Paul ends the passage by describing our adoption into the kingdom of light in terms of the Exodus, or Second Exodus as Isaiah calls it. “In whom we have redemption, the forgiveness of sins” (Colossians 1:14).
The language of redemption and forgiveness go all the way back to the Exodus of God’s people from Egypt and God’s forgiveness of their terrible sin of idolatry in the wilderness. Paul is pointing out where we have come from—we have come from the domain of darkness and sin (Egypt and the wilderness), but we have entered the Promised Land, the kingdom of Christ, the fellowship of believers, and we are on a journey. But there is a catch: in order to complete the journey successfully, we must by the grace of God develop a Christian instinct.
Some people have the gift of having a mental compass in their head. I like to think that my mind works that way, but then I grew up in the flatlands of the Midwest where every road is on a grid. When I visit Atlanta or Boston, my mental compass doesn’t work as well because the roads in those cities are circuitous. In the same way, we may think we are getting along just fine on spiritual cruise control, but then the road starts to twist and turn; hardships come, challenging social issues arise, false teachers abound, and we’re not sure what the truth is. Those are the moments that reveal what’s inside.
Conclusion
As believers we need to check our spiritual gauges to see if our instincts are still fully Christian. We, as Christians, are called to develop some instinctive habits. They are: (1) bearing the fruit of good works; (2) increasing in the knowledge of God’s will; (3) receiving the power of God resulting in endurance and joy; and (4) giving testimonies of thanksgiving for our redemption in Christ. How then should we think and live?
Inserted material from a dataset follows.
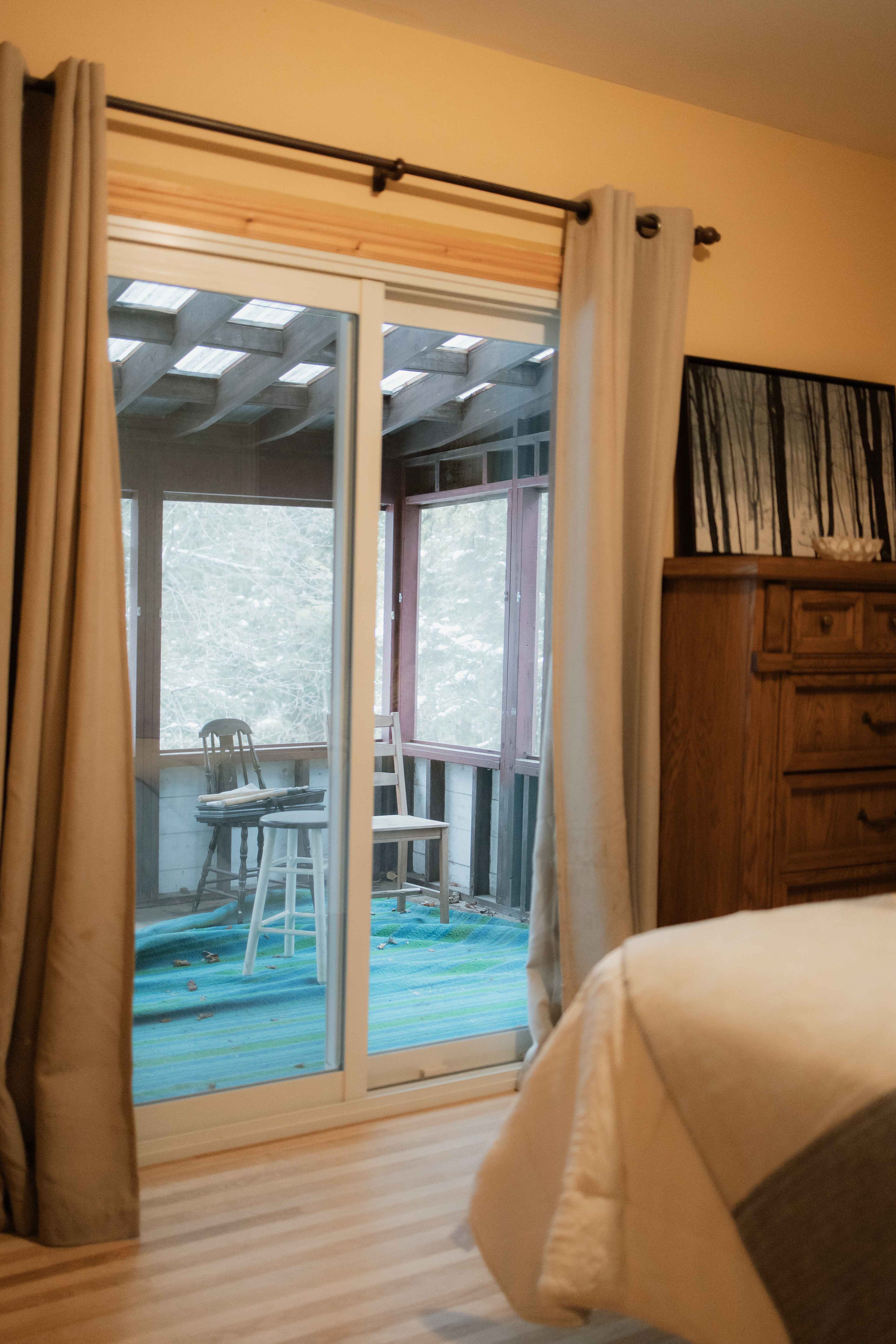 Main Unit: Charming 4-bedroom, 2-bathroom space, perfect for a large family. Features include a cozy wood-burning fireplace and a screened-in covered back porch for year-round enjoyment.

- Just like the Colossians, we must take God’s Word seriously by being faithful to read and study it privately and together. If you do not have a study partner, pray and search for one until you find one.
- Experience spiritual strength and the daily joy of implementing God’s Word into your life. There is no greater joy and no greater confidence in life than knowing you are living according to God’s revealed will for us.